# Protein shake before bed on cut?



## JCBourne (Oct 23, 2011)

On a cut cycle, would a protein shake before bed be stupid? I usually have a small snack (small part of yogurt, few pretzels) and a protein shake before bed. If I go to bed empty stomach I can't sleep so I have this small snack all low fat and not a full yogurt. Should I leave out the protein shake?


----------



## Night_Wolf (Oct 23, 2011)

No dude, I would say is a must, but be sure is a blend of protein or casein, not regular whey.
That or wolf down some cottage cheese.


----------



## JCBourne (Oct 23, 2011)

Im allergic to some proteins (weather it be what active/inactive) ingredients so I stick to what I know wont make me have a attack from it, with that being said it is whey protein. Im not a fan of cottage cheese either.


----------



## JCBourne (Oct 23, 2011)

With that being said I could try some casein protein, never have but I do know about it.


----------



## Night_Wolf (Oct 24, 2011)

Whey before bed is useless, casein would be perfect, since is a slow digesting. There is no other choice. (in powder form)

Chicken/turkey would be a good choice also.


----------



## Built (Oct 24, 2011)

Whey before bed is useless? Really.
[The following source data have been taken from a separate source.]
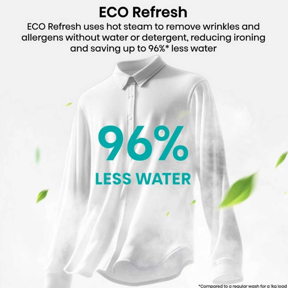 Additional Information ECO Refresh - Refresh your clothes the smart way with ECO Refresh. This innovative feature releases a powerful burst of hot steam into the drum, penetrating deep into fabric fibres to remove wrinkles and allergens – all without using water or detergent. Perfect for freshening up dry clothes, ECO Refresh reduces the need for ironing, saving you time and effort, while also using up to 96% less water compared to a regular wash for a 1kg load. Effortless, eco-friendly and incredibly effective.
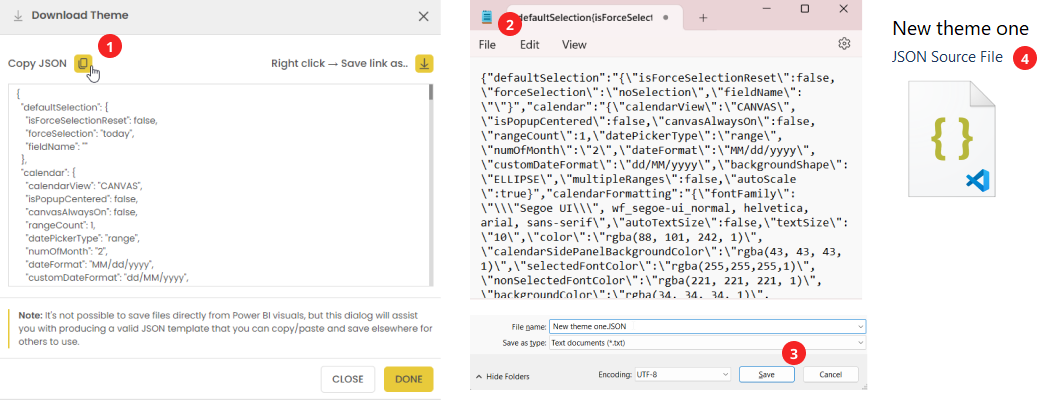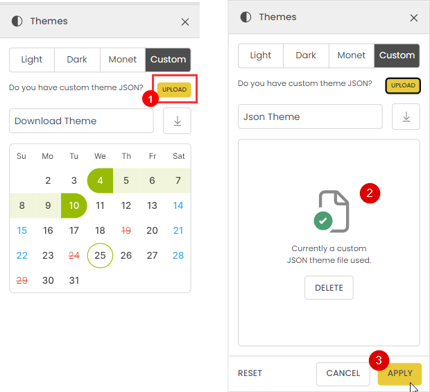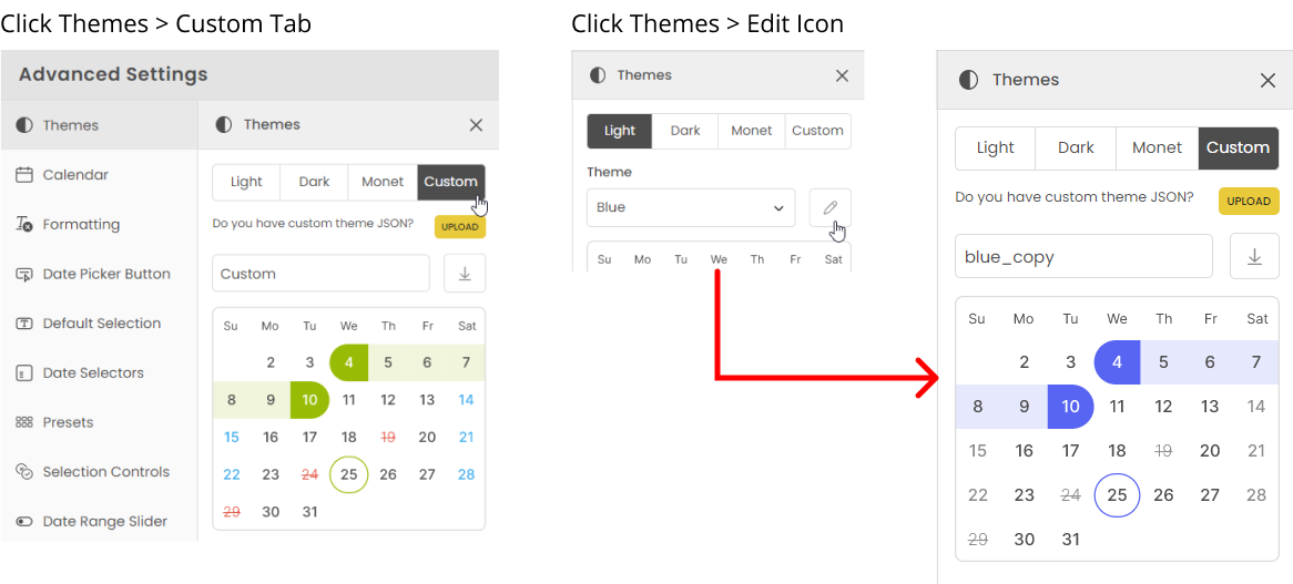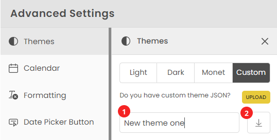 You can save all your formatting and functionality changes in a custom theme. This is where you can upload and download themes specifically designed for the date picker.
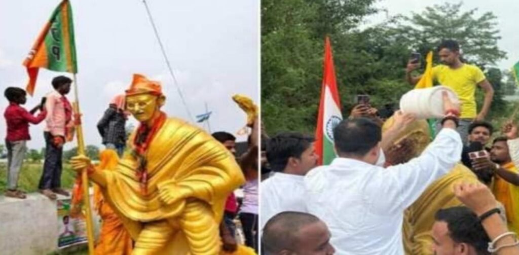 मुजफ्फरपुर, 17 सितंबर (मोहम्मद जमशेद) समस्तीपुर की सीमावर्ती क्षेत्र से सटे मुजफ्फरपुर जिले के मीनापुर में आयोजित एनडीए कार्यकर्ता सम्मेलन के दौरान शुरू हुआ गांधी प्रतिमा विवाद अब गहराता जा रहा है। हाल ही में हुए कार्यक्रम में कुछ भाजपा कार्यकर्ताओं ने राष्ट्रपिता महात्मा गांधी की प्रतिमा पर बीजेपी का झंडा और पार्टी का पट्टा पहनाया था।

Now how come?

To the OP, I eat a large dinner late in the evening when I'm cutting. I hate going to bed hungry. I'd rather skip breakfast and eat later in the day - so that's what I do. 

If a whey shake agrees with you, go for it.


----------



## Night_Wolf (Oct 24, 2011)

Whey won't provide any anti-catabolic effect.

Perfect combination would be casein+whey, this way you get anti-catabolic effect from casein and burst of quick amino acids from whey. (or just take milk protein isolate)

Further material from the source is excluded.